COMMENTARY

Hypovolemic Shock: Effect of Fluid Choice on Mortality

Greg Martin, MD

Disclosures

January 02, 2015

Effects of Fluid Resuscitation With Colloids vs Crystalloids on Mortality in Critically Ill Patients Presenting With Hypovolemic Shock: The CRISTAL Randomized Trial

Annane D, Siami S, Jaber S, et al; CRISTAL Investigators
JAMA. 2013;310:1809-1817

Summary

Fluid administration is one of the most common items managed every day in hospitalized and intensive care unit (ICU) patients, and it is the core principle for managing patients with hypovolemic shock.

However, the optimal fluid for resuscitation remains unknown, and concerns about both crystalloids and colloids have been raised.[1,2] The investigators of this study sought to determine whether colloids or crystalloids may be superior for resuscitation of critically ill patients with shock.

This study was a multicenter, randomized clinical trial conducted between 2003 and 2012, in which open-label fluids were used in 57 French, Belgian, and Canadian ICUs. There were 2857 ICU patients treated with colloids (n = 1414; gelatins, dextrans, hydroxyethyl starches, or 4% or 20% albumin) or crystalloids (n = 1443; isotonic or hypertonic saline, or Ringer lactate solution) for all fluid interventions, other than maintenance, throughout the ICU stay.

Within 28 days, there were 359 deaths (25.4%) in the colloids group and 390 deaths (27.0%) in the crystalloids group, yielding a relative risk of 0.96 (P = .26). At 90 days, there were 434 deaths (30.7%) in the colloids group vs 493 deaths (34.2%) in the crystalloids group (relative risk, 0.92; P = .03).

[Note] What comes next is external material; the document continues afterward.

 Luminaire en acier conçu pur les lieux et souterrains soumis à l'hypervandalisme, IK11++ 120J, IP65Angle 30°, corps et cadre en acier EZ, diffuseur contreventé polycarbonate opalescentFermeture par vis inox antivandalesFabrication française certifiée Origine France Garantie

Renal replacement therapy did not statistically differ between the groups, and there were more days alive without mechanical ventilation and alive without vasopressor therapy in the colloids group. The investigators concluded that for ICU patients with hypovolemia, colloids are at least as efficacious as crystalloids.

Viewpoint

This study measured a broad population of ICU patients needing fluid resuscitation, potentially making it more generalizable than more narrowly defined clinical trials. It also suffers from being conducted over a very long period (10 years), no blinding to the administration of various fluids, and permitting the use of heterogeneous fluids and combining them for the overall study analysis.

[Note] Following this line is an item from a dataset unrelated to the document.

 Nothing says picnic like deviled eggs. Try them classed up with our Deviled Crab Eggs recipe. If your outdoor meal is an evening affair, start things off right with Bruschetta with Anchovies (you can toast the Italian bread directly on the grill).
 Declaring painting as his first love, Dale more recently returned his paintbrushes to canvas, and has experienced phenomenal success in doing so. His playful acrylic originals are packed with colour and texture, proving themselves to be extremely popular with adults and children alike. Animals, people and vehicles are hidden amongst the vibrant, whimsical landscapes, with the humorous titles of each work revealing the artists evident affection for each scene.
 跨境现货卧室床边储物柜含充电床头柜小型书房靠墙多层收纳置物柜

For example, a growing body of literature suggests that hydroxyethyl starch solutions may cause renal damage, particularly in patients with sepsis.[3,4,5,6] These findings recently resulted in regulatory warnings against their use in many critically ill patients. Conversely, albumin has been suggested to confer benefit in sepsis resuscitation.[7,8]

Combining these different fluids together in this study is likely to obscure very different risks and benefits to the patients. Although this study included many patients, it should not change practice because of its severe flaws and limited ability to draw conclusions about specific patients and specific fluids.